Granting a writ of mandamus, a federal appellate court has rejected the notion that incorporating in Delaware is a controlling factor in determining whether a company must defend a lawsuit there. And, finding that a district court judge abused her discretion by holding otherwise, the appellate panel directed that a patent infringement case be transferred to California.

Friday’s ruling by the U.S. Court of Appeals for the Federal Circuit could potentially prevent a number of Delaware companies that do business elsewhere from continuing to use the state’s highly regarded court system for intellectual property disputes, a practice that had been on the rise, according to Reuters.
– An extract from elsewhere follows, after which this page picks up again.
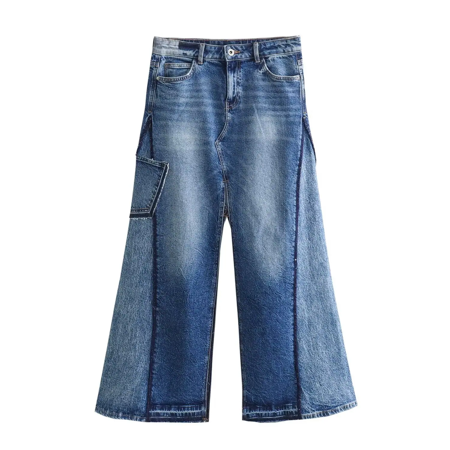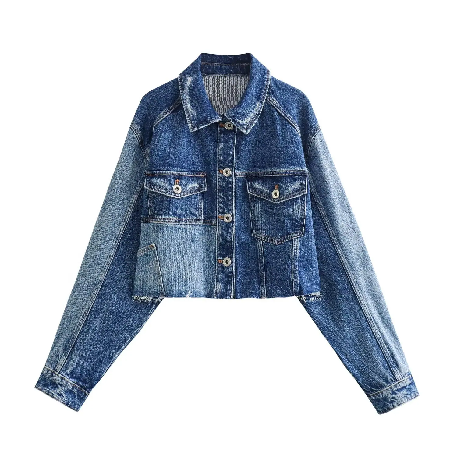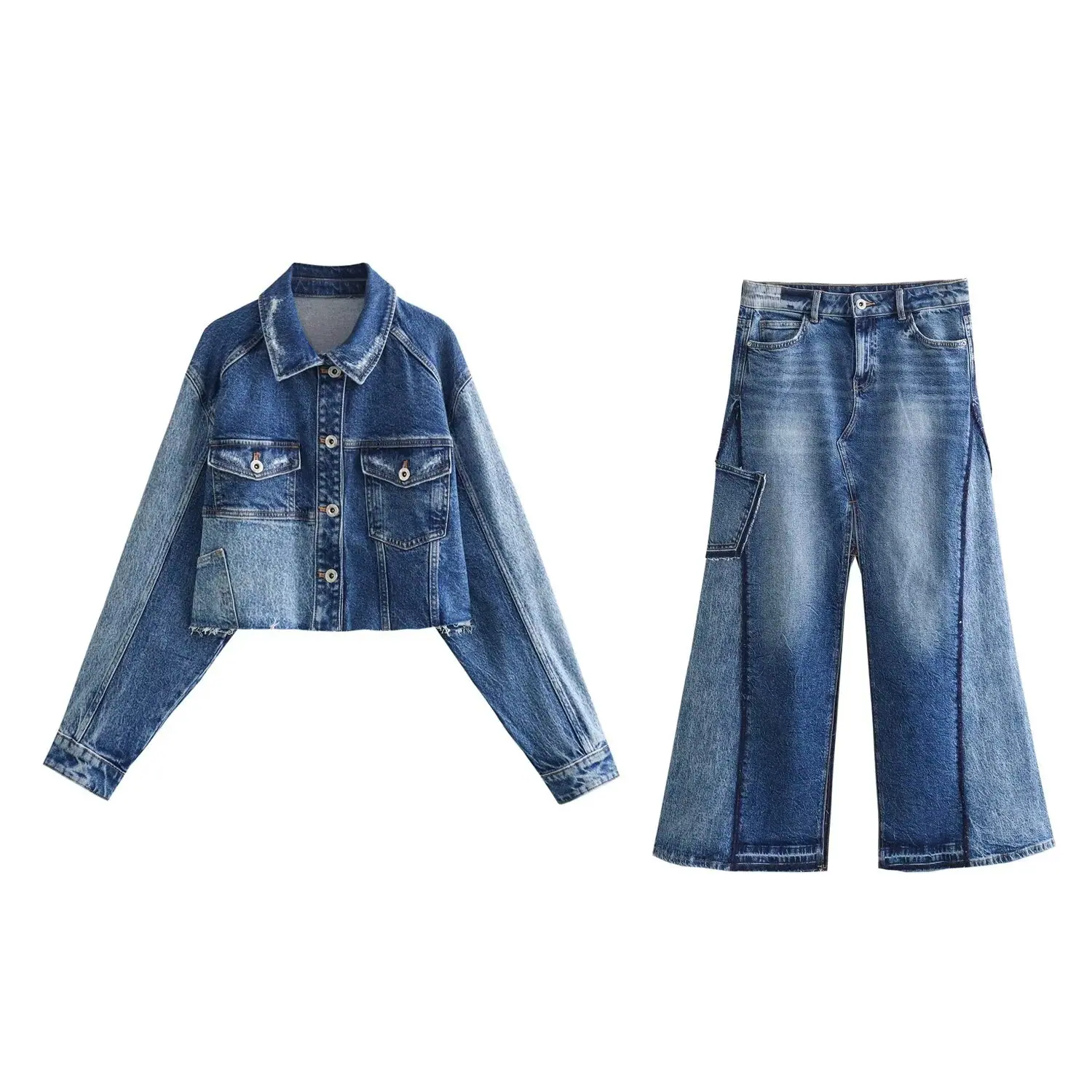 Ropa de Mujer Transfronteriza 2024 Primavera Nuevo Europeo y Americano Lavado Parcheado Chaqueta de Mezclilla + Traje de Falda con Abertura Venta al por Mayor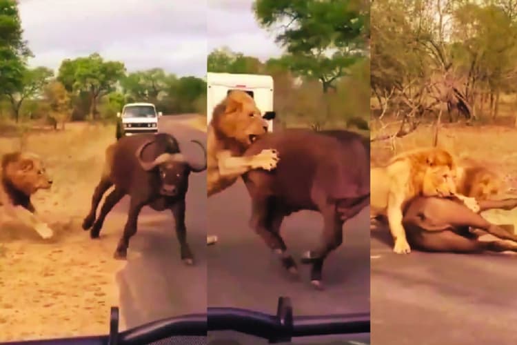 वायरल वीडियो में देखा जा सकता है एक शेर दो भैसों के पीछे भाग रहा है. भैंस भी अपनी जान बचा कर दौड़ रहे हैं. तभी एक भैंस हिम्मत दिखाता है और पलटकर शेर को डराने की कोशिश करता है. शेर कुछ देर के लिए भैंस से डर भी जाता है और अपने कदम पीछे लेता है. लेकिन, जैसे ही भैंस भागने की कोशिश करता है शेर उस पर झपट पड़ता है. इतने में ही पीछे से एक और शेर आता है और दोनों मिलकर भैंस को दबोच लेते हैं. भैंस थोड़ी देर तक छटपटाता है और चिल्लाता भी है, लेकिन फिर वह शांत हो जाता है.

Reversing U.S. District Judge Sue Robinson, the appellate panel held that she should have granted the transfer of venue to the Northern District of California sought by defendant Link_A_Media Devices Corp, or LAMD, under 28 U.S.C. § 1404(a) and directed that the patent infringement case be sent there. Both LAMD and the plaintiff in the patent case, Marvell International Ltd of Bermuda, have at least some operations in the vicinity and LAMD is based in California.

Although LAMD is incorporated in Delaware, that fact “should not be dispositive of the public interest analysis,” the appellate court said in a per curiam opinion (PDF). “Aside from LAMD’s incorporation in Delaware, that forum has no ties to the dispute or to either party,”

Chief Circuit Judge Randall Rader was on the three-judge panel that heard the case, along with Judge Timothy Dyk and Judge Kathleen O’Malley.